- Directed by: Matthew LeRiche Viktor Pesenti
- Story by: Matthew LeRiche Viktor Pesenti
- Production companies: Bruce Dunlop & Associates (BDA) EpicDemic Productions Expeditionary Productions
- Release date: 28 April 2012; (USA)
- Running time: 51 minutes
- Countries: United States United Kingdom South Sudan
- Language: English

= The World's Youngest Nation: South Sudan =

2012 South Sudanese documentary film

The World's Youngest Nation: South Sudan, is a 2012 South Sudanese documentary news post-war film co-directed by Matthew LeRiche and Viktor Pesenti and co-produced by Bruce Dunlop & Associates (BDA), EpicDemic Productions and Expeditionary Productions. The film documents about the emergence of a new nation from civil war, South Sudan after 60 years of civil war from Sudan on July 9, 2011. South Sudan is often named as The World's Youngest Nation, where the 70 percent of the population are under 30 years of age.
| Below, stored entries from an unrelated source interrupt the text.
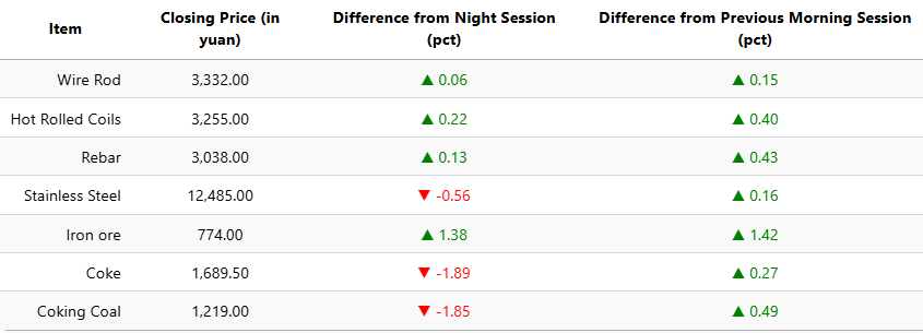 On the Shanghai Futures Exchange, rebar edged up 0.13pct to 3,038 yuan (USD 427), HRC gained 0.22pct to 3,255 yuan (USD 457), and wire rod inched higher to 3,332 yuan (USD 468). Stainless steel futures slipped 0.56pct to 12,485 yuan (USD 1,754) per ton.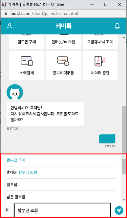 저는 여기서 휴대폰 할부금 조회를 선택해서 채팅을 보내보겠습니다.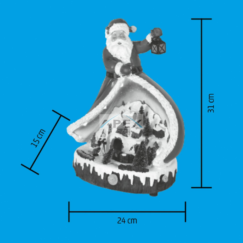 Ez a beltéri kivitelű, színes LED világítással ellátott dísz egy körbejáró kisvonattal kápráztatja el látogatóit, miközben a háttérből kellemes karácsonyi dallam szól. A termék választhatóan néma üzemmódban is képes működni. A tápellátást 3 x 1,5 V (AA) elem biztosítja, melyek nem tartozékok.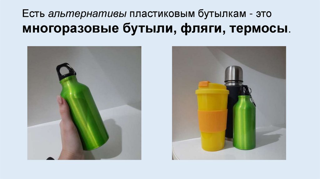 Есть альтернативы пластиковым бутылкам - этомногоразовые бутыли, фляги, термосы.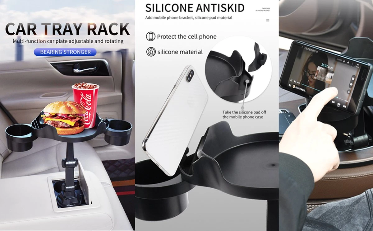 - Verbeterde Car Cup Expander met Tray: De multifunctionele Car Cup-tray kan de eettafel verlengen en 2 waterglazen plaatsen. U kunt eten, snacks, sleutels, mobiele telefoons, portemonnees, creditcards, enz.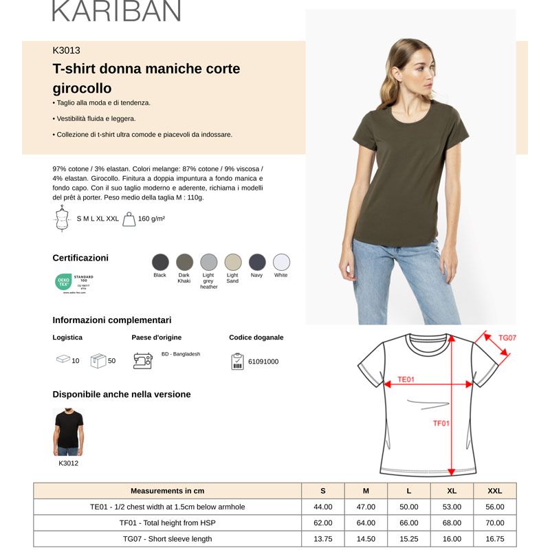 k3013 | t-shirt aderente donna girocollo da personalizzare online su Gecoshopping a prezzi scontati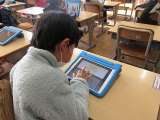 図画工作科で紙版画をしました。タブレットで自分の作品を撮影し、がんばったことを書...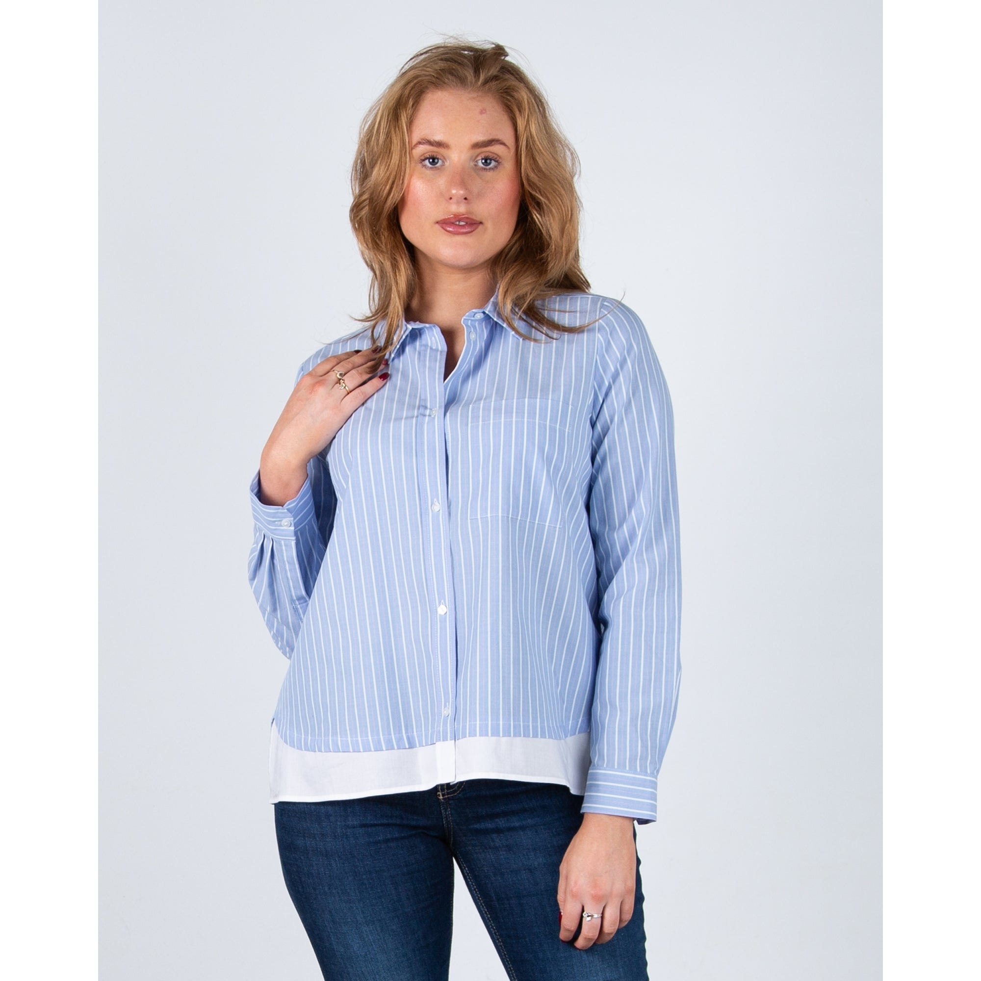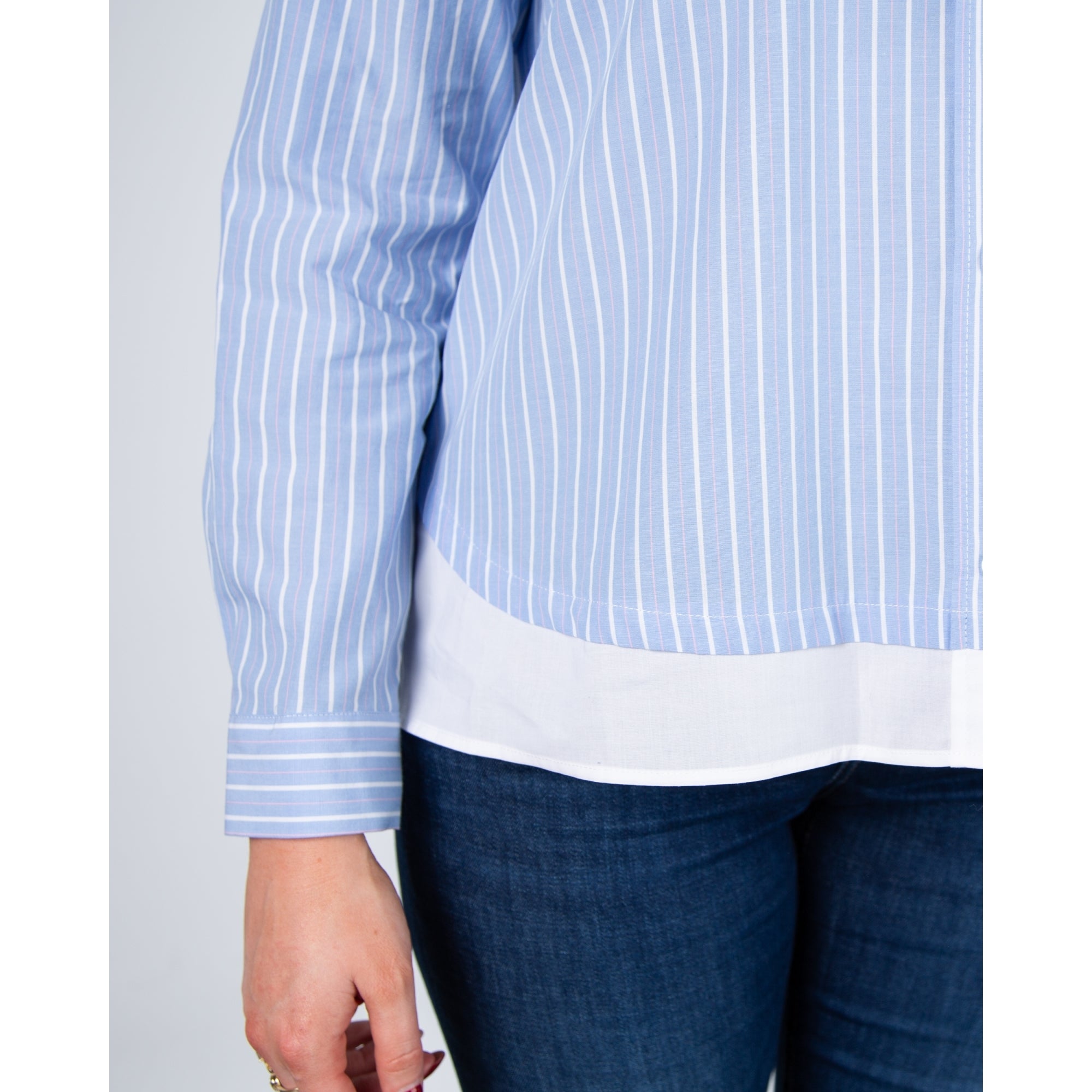 Milano Italy Boxy Stripe Shirt With Contrast Hem Pale Blue/white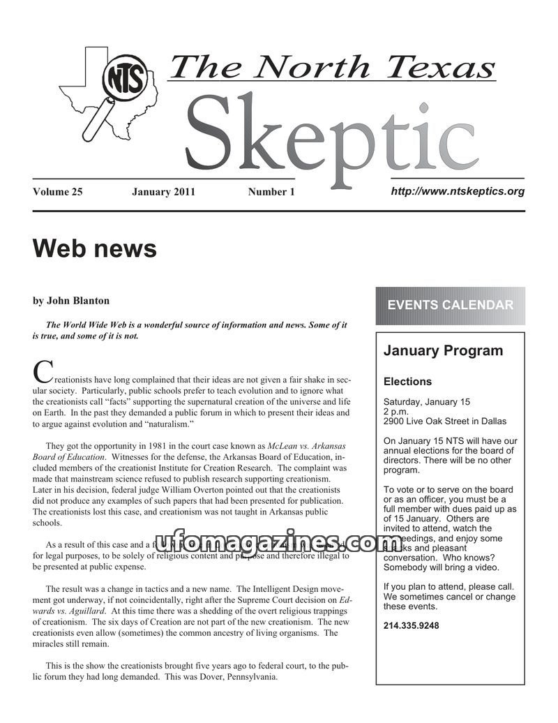 This issue of The North Texas Skeptic covers various topics including the debate over teaching creationism in schools, highlighting an exchange between reporter Jeffrey Weiss and s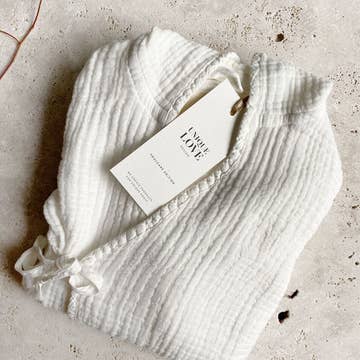 Il nostro accappatoio in mussola realizzato al 100% in cotone è morbido e rende ogni esperienza di bagno davvero speciale. Dopo il bagno a casa, in viaggio in piscina o al mare: l'accappatoio UNIQUE LOVE promette un'atmosfera piacevole per tutti i piccoli esploratori. DETTAGLI · Effetto Crincle · tessuto particolarmente assorbente e morbido · tre diverse misure per bambini fino a 6 anni · Cappuccio a punta con dettaglio nappina · Comodo da indossare e buona tenuta grazie a due cinture cucite MATERIALI E CURA · Tessuto 100% mussola a quattro strati (puro cotone) · tessuto di mussola fine che diventa ancora più morbido quando viene lavato · lavabile a 40° · asciugare in asciugatrice solo a basse temperature · Può essere stirato a fuoco basso, altrimenti l'effetto increspato scomparirà TAGLIA · 1-2 anni (lunghezza: 58 cm, manica: 33 cm) · 3-4 anni (lunghezza: 62 cm, manica: 35 cm) 5-6 anni (lunghezza: 69 cm, manica: 40 cm)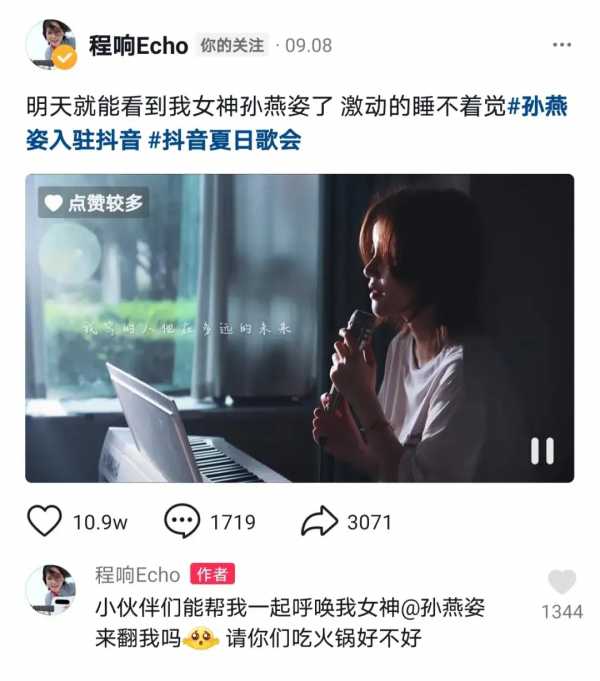 在孙燕姿发布了入驻平台第一天的视频后,程响也第一时间跑到评论区评论,来表达自己对偶像的喜爱和支持。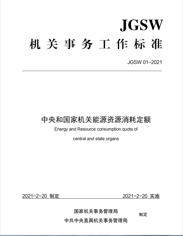 《中央和國(guó)家機(jī)關(guān)能源資源消耗定額》機(jī)關(guān)事務(wù)工作標(biāo)準(zhǔn)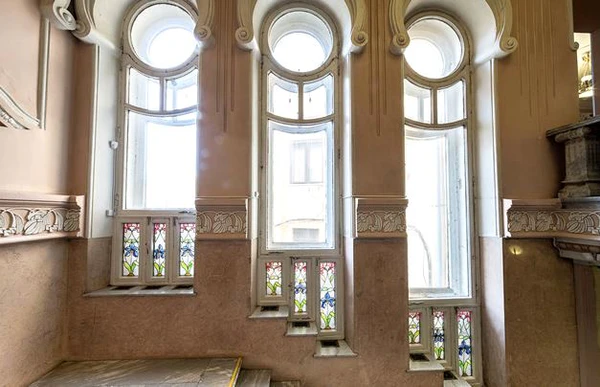 В оформлении интерьеров здания использованы мраморные колонны, пилястры, профилированные тяги и карнизы, ниши, растительный орнамент, лепные элементы (барельефные панно, кадуцеи, розетки, венки, медальоны, маскароны и другие), плафоны с лепниной, паркет, метлахская плитка. В декоре парадной двухмаршевой лестницы сохранились ступенчато расположенные окна с цветными витражами в растительной тематике, характерной для интерьеров модерна начала XX века[7].
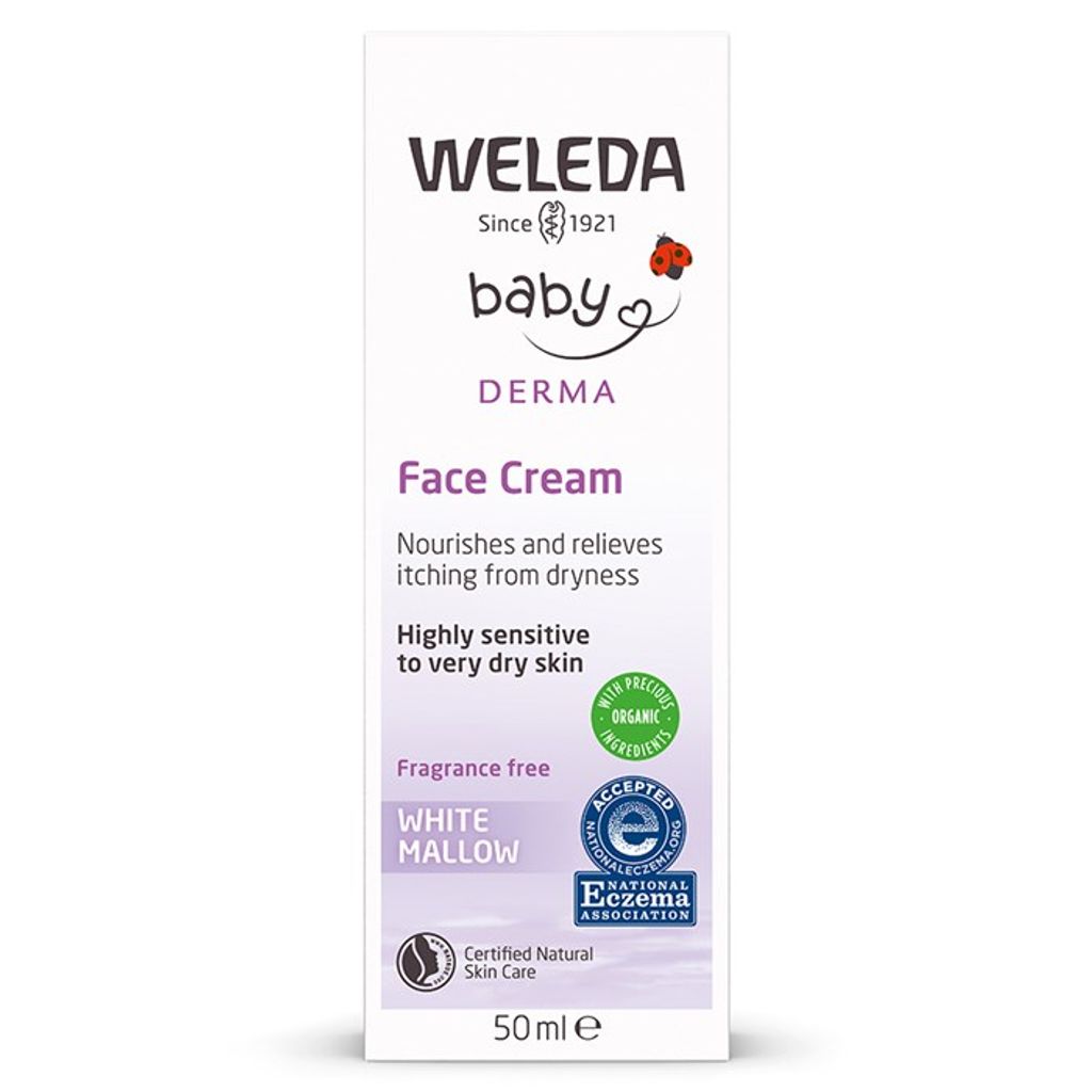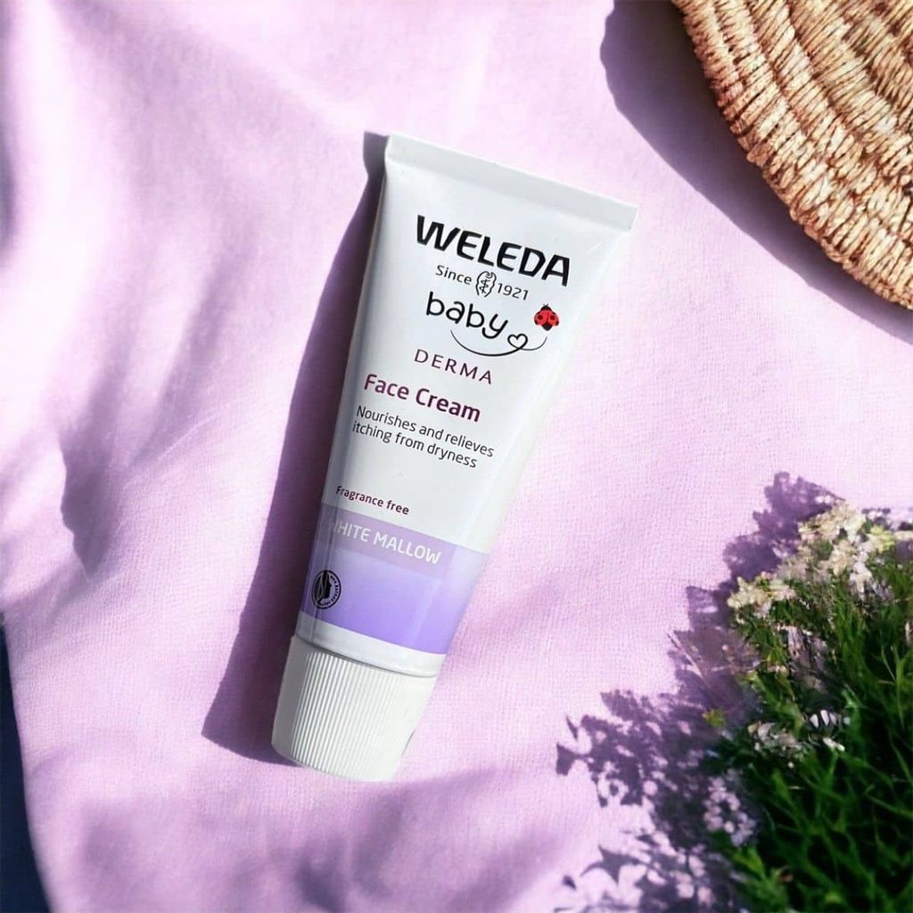 Weleda White Mallow Face Cream tar hand om ditt barns särskilt känsliga hud från första dagen – med helt naturliga ingredienser. Vit malva verkar som ett lugnande och skyddande lager på huden och bevarar hudens fuktighetsgrad och stillar klåda. Ekologisk kokos- och sesamolja ger huden intensiv vård. Mild, parfymfri ansiktskräm.Extra snäll mot en överkänslig och torr babyhud.Lugnande och näringsgivande.Dermatologiskt testad.Användning: Applicera på huden dagligen eller vid behov.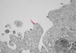 Kanë qenë Antonella Tosoni dhe Beatrice Marchini, ata që bënë vëzhgimet nën mikroskopin elektronik dhe prodhuan imazhet që tregojnë virusin vdekjeprurës. Në të parën, me një zmadhim prej 30000X, vërehen grimcat virale të SarsCov2 (të treguar nga shigjeta), të bashkangjitura në membranat në sipërfaqe dhe qelizat e brendshme, të përdorura për izolim.
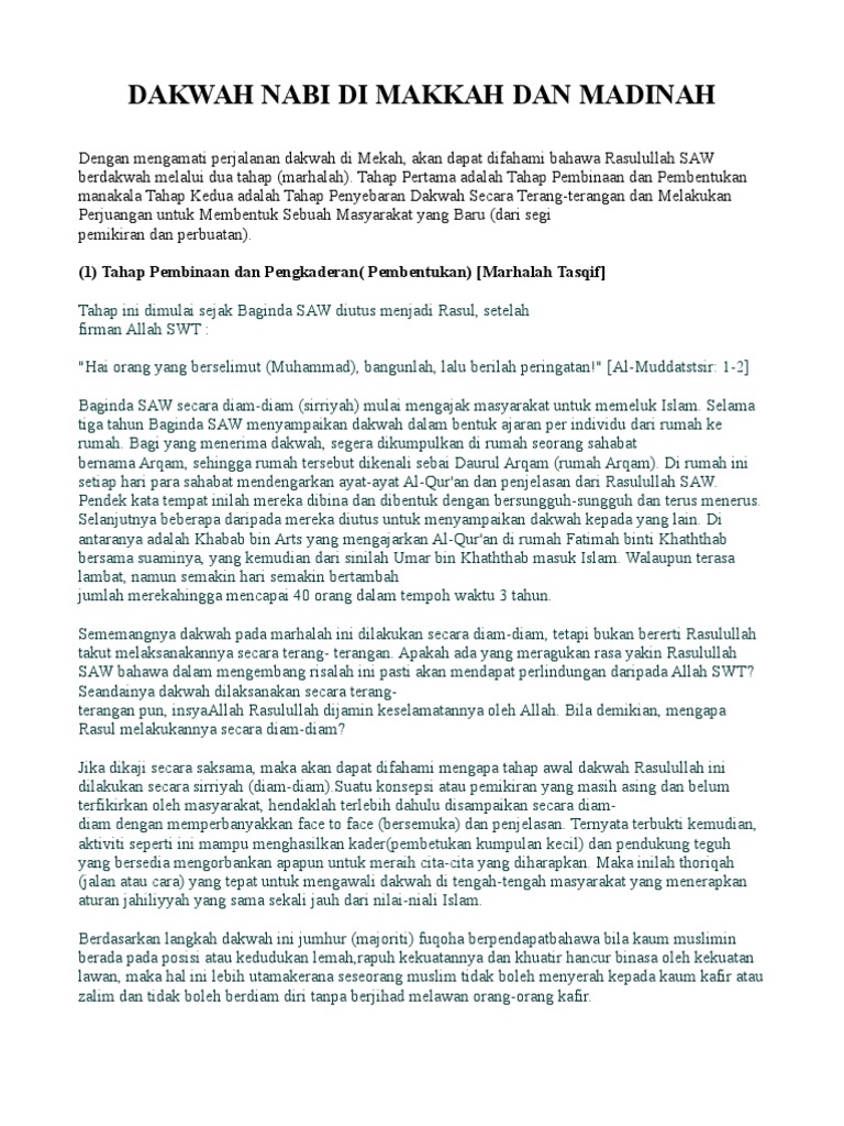 Dakwah Nabi Di Makkah Dan Madinah 1 Tahap Pembinaan Dan Pengkaderan Pembentukan Marhalah Tasqif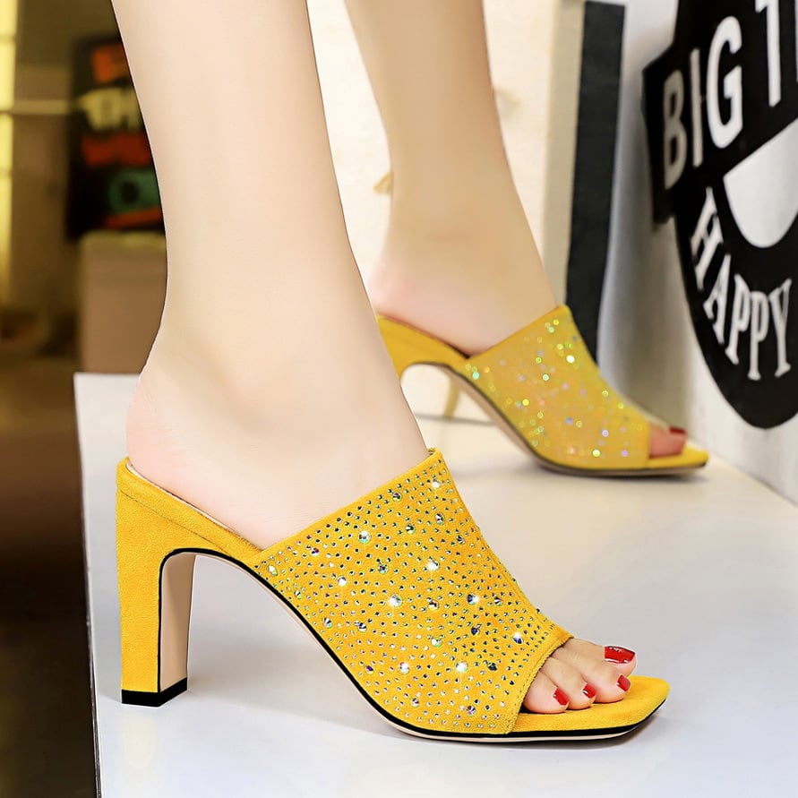 レディースクリスタルレッドブラックヒールミュールサマー 靴 シューズ パンプス 大人ガーリー スウィート キュート カジュアル 夏物 mi6296336901292

The film narrates with the experiences and hopes of five Southern Sudanese youths.

The film has been shot in South Sudan. The film made its premier on 28 April 2012 in the United States. The film received mixed reviews from critics. The film was screened at the Africa World Documentary Film Festival in London, England, from 30 August to 9 September 2012. Then the film was aired across Africa via a satellite channel.